- _EXERCISE GOAL_
Could you transcribe the entries below exactly, without any of the pictures?
▬▬▬▬▬▬▬▬▬▬
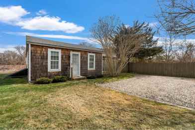 Rental Reg. # 26-281. Tucked away at the end of a long private driveway, this well maintained 750-square-foot guest cottage offers a peaceful summer retreat just moments from the heart of the Village of East Hampton. Originally built in 1921, the home blends timeless character with thoughtful modern updates. Sited behind the main residence, but separated by a lush hedgerow, the cottage enjoys complete privacy and tranquil farm field views to the rear. Relax on the patio and take in the open landscape. It's an ideal setting for quiet mornings or sunset evenings. The home features two bedrooms and one full bath, including a queen bedroom and a second bedroom with a twin bed. The open living room and dining area boast charming beamed ceilings, and there is a newly renovated galley kitchen just off the dining area. A washer and dryer are provided, as well as window air conditioning units, ensuring comfort throughout the summer months. Ideally located just over one mile from the center of the Village and less than two miles to the nearest ocean beach. The cottage also offers convenient access to the train station and Jitney stop. A delightful and serene summer getaway where one can enjoy peace and privacy without sacrificing proximity to the best of village living. ID: 737604
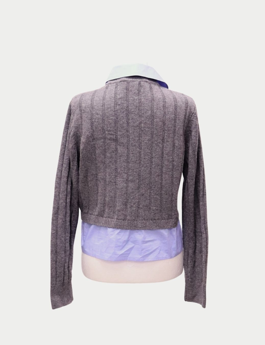 Add a playful twist to your winter wardrobe with this Sandro Paris grey ribbed sweater, designed with signature Parisian flair. Crafted from a soft wool blend, it features a unique layered effect — a faux blue shirt collar and hem paired with contrast denim pockets accented by gold buttons.
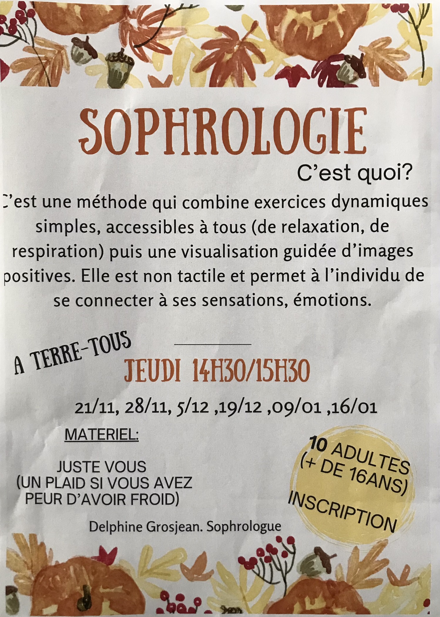 Deux premiers ateliers autour de la relaxation se sont déroulés avec une petite dizaine de participants chacun ; un seul homme ! ! ! comme si seules les femmes avaient besoin de se relaxer, on n'y croit pas. La suite cette semaine : n'hésitez pas, ça ne peut pas vous faire de mal.
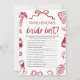 Add a fun, whimsical touch to your bridal shower with this Italian-inspired “Who Knows the Bride Best?” game card! Featuring hand-drawn pizza slices, rustic red gingham, and playful Italian charm, it's the perfect addition to your pasta, pizza, or vineyard-themed celebration.
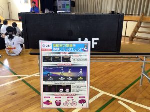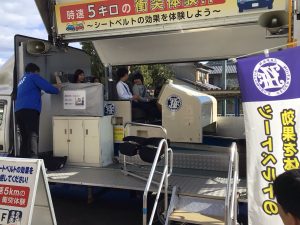 3、4時間目に6年生がシートベルトの効果を体験を通して学びました。まずは、映像で後部座席にシートベルトをしていない状態で時速40キロでぶつかった場合、どのようなことになるのか見せてもらいました。フロントガラスを突き破って飛んで行ってしまう姿や、前の座席の人にぶつかる様子、車外へ放り出されてしまう様子などが映し出され、子供たちはびっくりしていました。話を聞いた後は、体験車に3~4名ずつ座り、シートベルトを正しくしめ、時速5キロでぶつかる衝撃を体験しました。時速5キロでも結構な衝撃を感じたので、時速50キロでぶつかったときの衝撃はこの100倍だということを聞き、子供たちは大変驚いていました。体験後は、シートベルトの大切さを十分感じたようで、「これからは、後部座席でもシートベルトをしようと思います」という感想を話してくれました。また、今日学んだシートベルトの大切さを、必ずお家の方にも伝えてほしいと思います。
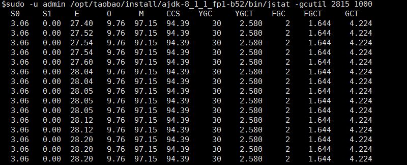 sudo -u admin /opt/xxx/install/ajdk-8_1_1_fp1-b52/bin/jstat -gcutil 28151000
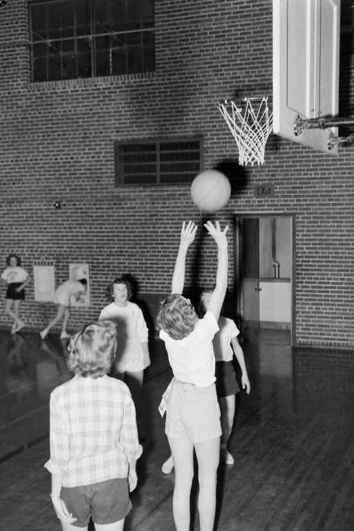 Girls in gym clothes are playing basketball. One player is shooting the ball while others are looking on or getting a drink of water from the fountain.
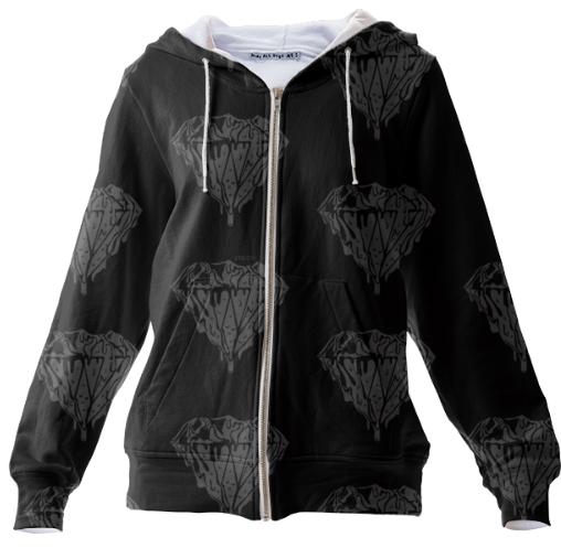 Slim fitting zip up hoodie with front kangaroo pockets metal zipper and drawstring hood.
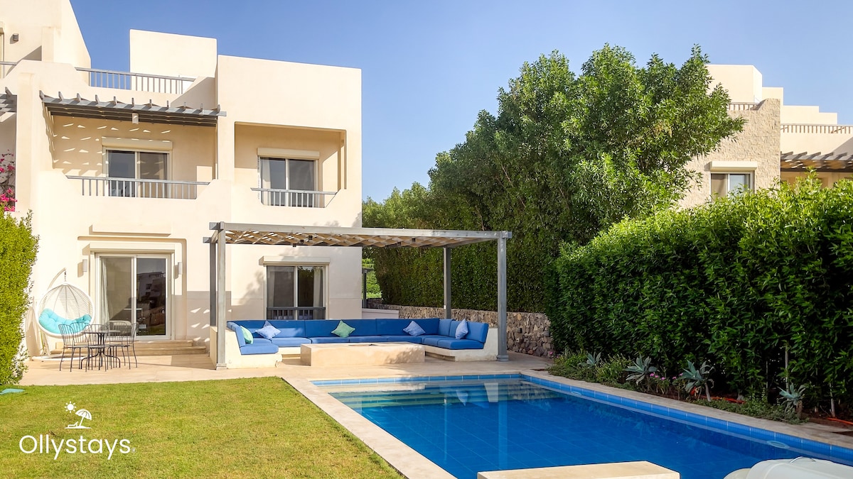 Three Bedroom Villa with a private heated pool and breathtaking views of the town and lagoon - Joubal Lagoon - offers privacy as well as a peaceful neighbourhood feel because of its wonderful location. You can effortlessly go to any preferred destination from your accommodation, which is only a short distance from Abu Tig Marina, the centre of Gouna.
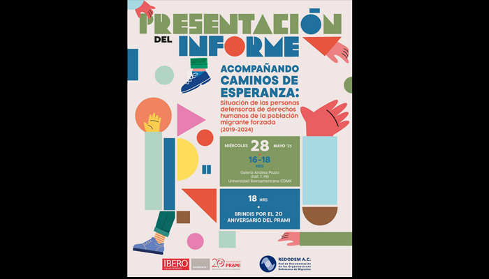 El miércoles 28 de mayo a las 16:00 horas, el Programa de Asuntos Migratorios (PRAMI) de la Universidad Iberoamericana Ciudad de México, en colaboración con la Red de Documentación de Organizaciones Defensoras de Migrantes (REDODEM), presentará el informe “Acompañando caminos de esperanza: La situación de las personas defensoras de población migrante forzada (2019-2024)”.
▬▬▬▬▬▬▬▬▬▬
- _WRITTEN ANSWER_
 Rental Reg. # 26-281. Tucked away at the end of a long private driveway, this well maintained 750-square-foot guest cottage offers a peaceful summer retreat just moments from the heart of the Village of East Hampton. Originally built in 1921, the home blends timeless character with thoughtful modern updates. Sited behind the main residence, but separated by a lush hedgerow, the cottage enjoys complete privacy and tranquil farm field views to the rear. Relax on the patio and take in the open landscape. It's an ideal setting for quiet mornings or sunset evenings. The home features two bedrooms and one full bath, including a queen bedroom and a second bedroom with a twin bed. The open living room and dining area boast charming beamed ceilings, and there is a newly renovated galley kitchen just off the dining area. A washer and dryer are provided, as well as window air conditioning units, ensuring comfort throughout the summer months. Ideally located just over one mile from the center of the Village and less than two miles to the nearest ocean beach. The cottage also offers convenient access to the train station and Jitney stop. A delightful and serene summer getaway where one can enjoy peace and privacy without sacrificing proximity to the best of village living. ID: 737604
 Add a playful twist to your winter wardrobe with this Sandro Paris grey ribbed sweater, designed with signature Parisian flair. Crafted from a soft wool blend, it features a unique layered effect — a faux blue shirt collar and hem paired with contrast denim pockets accented by gold buttons.
 Deux premiers ateliers autour de la relaxation se sont déroulés avec une petite dizaine de participants chacun ; un seul homme ! ! ! comme si seules les femmes avaient besoin de se relaxer, on n'y croit pas. La suite cette semaine : n'hésitez pas, ça ne peut pas vous faire de mal.
 Add a fun, whimsical touch to your bridal shower with this Italian-inspired “Who Knows the Bride Best?” game card! Featuring hand-drawn pizza slices, rustic red gingham, and playful Italian charm, it's the perfect addition to your pasta, pizza, or vineyard-themed celebration.
 3、4時間目に6年生がシートベルトの効果を体験を通して学びました。まずは、映像で後部座席にシートベルトをしていない状態で時速40キロでぶつかった場合、どのようなことになるのか見せてもらいました。フロントガラスを突き破って飛んで行ってしまう姿や、前の座席の人にぶつかる様子、車外へ放り出されてしまう様子などが映し出され、子供たちはびっくりしていました。話を聞いた後は、体験車に3~4名ずつ座り、シートベルトを正しくしめ、時速5キロでぶつかる衝撃を体験しました。時速5キロでも結構な衝撃を感じたので、時速50キロでぶつかったときの衝撃はこの100倍だということを聞き、子供たちは大変驚いていました。体験後は、シートベルトの大切さを十分感じたようで、「これからは、後部座席でもシートベルトをしようと思います」という感想を話してくれました。また、今日学んだシートベルトの大切さを、必ずお家の方にも伝えてほしいと思います。
 sudo -u admin /opt/xxx/install/ajdk-8_1_1_fp1-b52/bin/jstat -gcutil 28151000
 Girls in gym clothes are playing basketball. One player is shooting the ball while others are looking on or getting a drink of water from the fountain.
 Slim fitting zip up hoodie with front kangaroo pockets metal zipper and drawstring hood.
 Three Bedroom Villa with a private heated pool and breathtaking views of the town and lagoon - Joubal Lagoon - offers privacy as well as a peaceful neighbourhood feel because of its wonderful location. You can effortlessly go to any preferred destination from your accommodation, which is only a short distance from Abu Tig Marina, the centre of Gouna.
 El miércoles 28 de mayo a las 16:00 horas, el Programa de Asuntos Migratorios (PRAMI) de la Universidad Iberoamericana Ciudad de México, en colaboración con la Red de Documentación de Organizaciones Defensoras de Migrantes (REDODEM), presentará el informe “Acompañando caminos de esperanza: La situación de las personas defensoras de población migrante forzada (2019-2024)”.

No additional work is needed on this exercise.